If your 2d array always has the same number of elements for each sub-array you can replace matrix.map(&:size).max with matrix[0]&.size || 0 to speed up determining the matrix width. The current solution uses the maximum size of the sub-arrays. Sub-arrays having a smaller size will use 0 for the missing elements thus not effecting the sum.

My solution might be a bit variable heavy. I've done this to have descriptive variable names, that hopefully tell you most you need to know about the solution. You can shorten variable names, or remove them completely when you feel like you don't need them.

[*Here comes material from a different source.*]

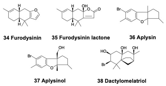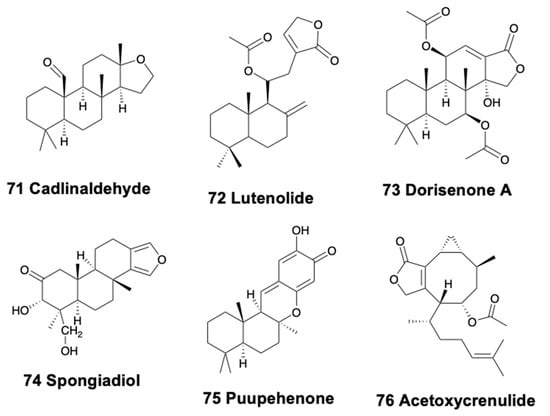 - De Silva, E.D.; Scheuer, P.J. Furanoditerpenoids from the dorid nudibranch Casella atromarginata. Heterocycles 1982, 17, 167–170. [Google Scholar]

If something isn't clear just ask away in the comments.

Answer 2

Without using the Matrix class, here's how I've done it for any arbitrary rectangular array:

offsets = [[-1, -1], [-1, 0], [-1, 1], [0, 0], [1, -1],  [1, 0],  [1, 1]]
sums = 1.upto(arr.length - 2).flat_map do |i|
  1.upto(arr[0].length - 2).map do |j|
    offsets.map {|(x, y)| arr[i+x][j+y] }.sum
  end
end

puts sums.max

The values we're interested in are just offsets from a current position. We can map out the values in the array relative to the current position by some row and column offset, sum them, then select the max of the sums.

Answer 3

One option is to use Matrix methods.

require 'matrix'

ma = Matrix[*arr]
  #=> Matrix[[-9, -9, -9,  1, 1, 1],
  #          [ 0, -9,  0,  4, 3, 2],
  #          [-9, -9, -9,  1, 2, 3],
  #          [ 0,  0,  8,  6, 6, 0],
  #          [ 0,  0,  0, -2, 0, 0],
  #          [ 0,  0,  1,  2, 4, 0]] 

mi = Matrix.build(6-3+1) { |i,j| [i,j] }
  #=> Matrix[[[0, 0], [0, 1], [0, 2], [0, 3]],
  #          [[1, 0], [1, 1], [1, 2], [1, 3]],
  #          [[2, 0], [2, 1], [2, 2], [2, 3]],
  #          [[3, 0], [3, 1], [3, 2], [3, 3]]]

def hourglass_val(r,c,ma)
  mm = ma.minor(r,3,c,3)
  mm.sum - mm[1,0] - mm[1,2]
end

max_hg = mi.max_by { |r,c| hourglass_val(r,c,ma) }
  #=> [1,2] 
hourglass_val(*max_hg,ma)
  #=> 28

[1,2] are the row and column indices of the top-left corner of an optimal hourglass in arr.